--- Data excerpt Enclosed Below ---

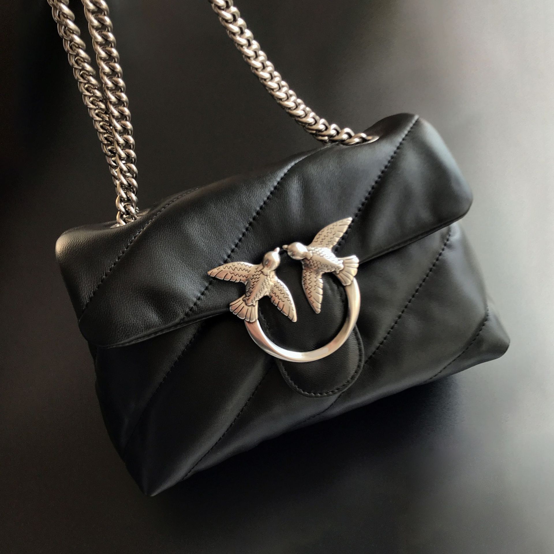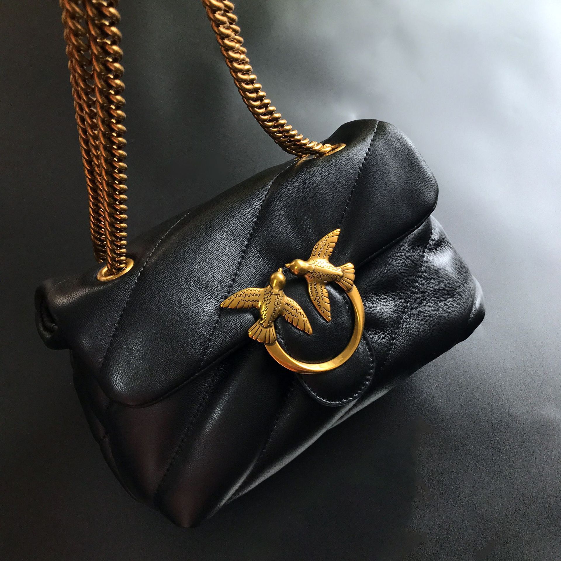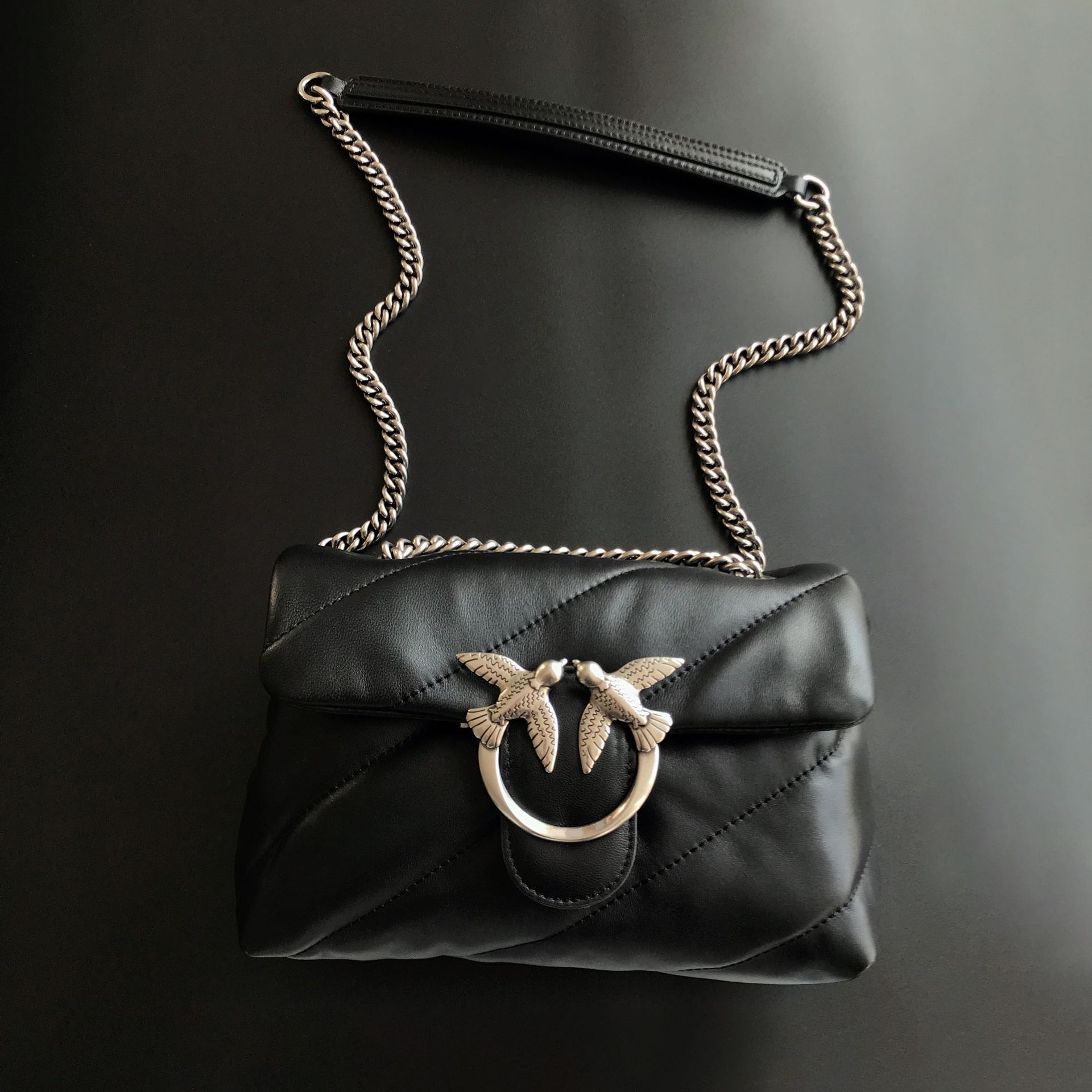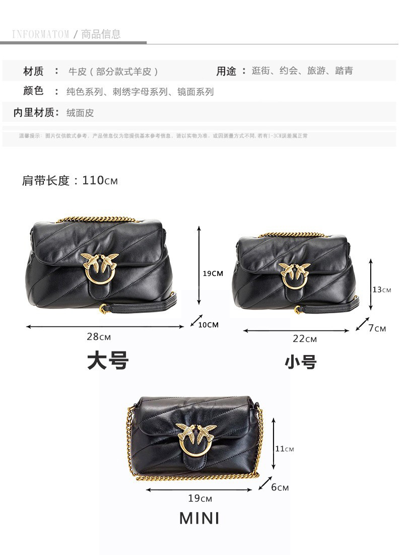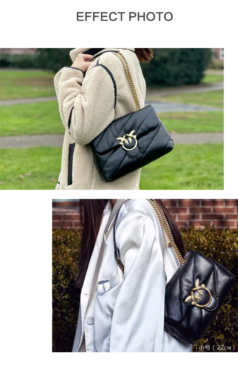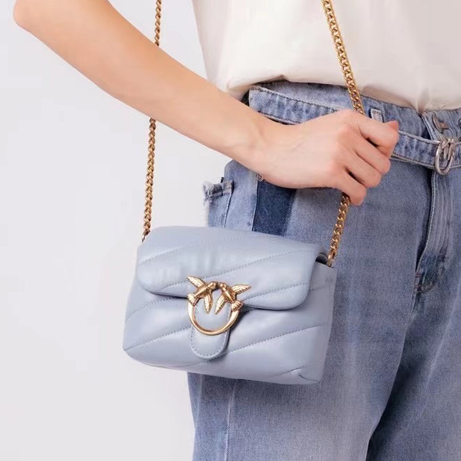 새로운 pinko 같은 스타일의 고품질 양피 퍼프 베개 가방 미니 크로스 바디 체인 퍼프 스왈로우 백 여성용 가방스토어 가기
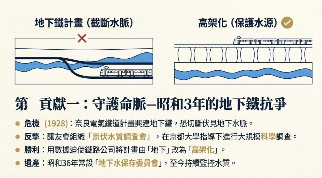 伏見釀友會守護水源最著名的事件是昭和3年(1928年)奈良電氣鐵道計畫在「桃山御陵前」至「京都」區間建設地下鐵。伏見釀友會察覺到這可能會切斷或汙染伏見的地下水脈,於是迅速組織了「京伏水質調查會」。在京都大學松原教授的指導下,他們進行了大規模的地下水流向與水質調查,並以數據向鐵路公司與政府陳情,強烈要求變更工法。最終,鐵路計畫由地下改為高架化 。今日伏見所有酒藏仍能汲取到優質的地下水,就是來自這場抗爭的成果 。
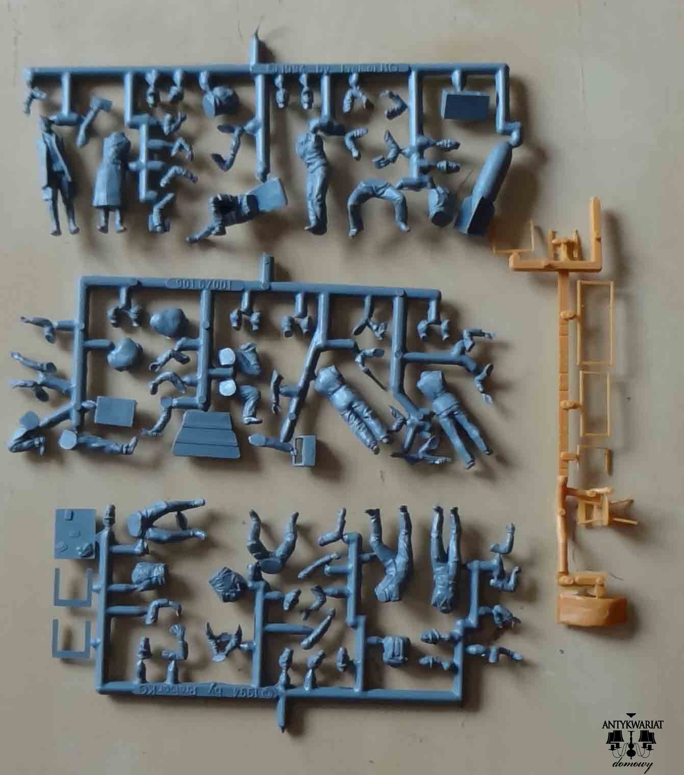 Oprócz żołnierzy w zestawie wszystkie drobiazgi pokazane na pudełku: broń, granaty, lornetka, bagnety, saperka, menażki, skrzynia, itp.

--- End of Enclosed Data excerpt ---

- Exercise directions -
Write out the data word for word. Any picture is to be skipped.

- Answer -
 새로운 pinko 같은 스타일의 고품질 양피 퍼프 베개 가방 미니 크로스 바디 체인 퍼프 스왈로우 백 여성용 가방스토어 가기
 伏見釀友會守護水源最著名的事件是昭和3年(1928年)奈良電氣鐵道計畫在「桃山御陵前」至「京都」區間建設地下鐵。伏見釀友會察覺到這可能會切斷或汙染伏見的地下水脈,於是迅速組織了「京伏水質調查會」。在京都大學松原教授的指導下,他們進行了大規模的地下水流向與水質調查,並以數據向鐵路公司與政府陳情,強烈要求變更工法。最終,鐵路計畫由地下改為高架化 。今日伏見所有酒藏仍能汲取到優質的地下水,就是來自這場抗爭的成果 。
 Oprócz żołnierzy w zestawie wszystkie drobiazgi pokazane na pudełku: broń, granaty, lornetka, bagnety, saperka, menażki, skrzynia, itp.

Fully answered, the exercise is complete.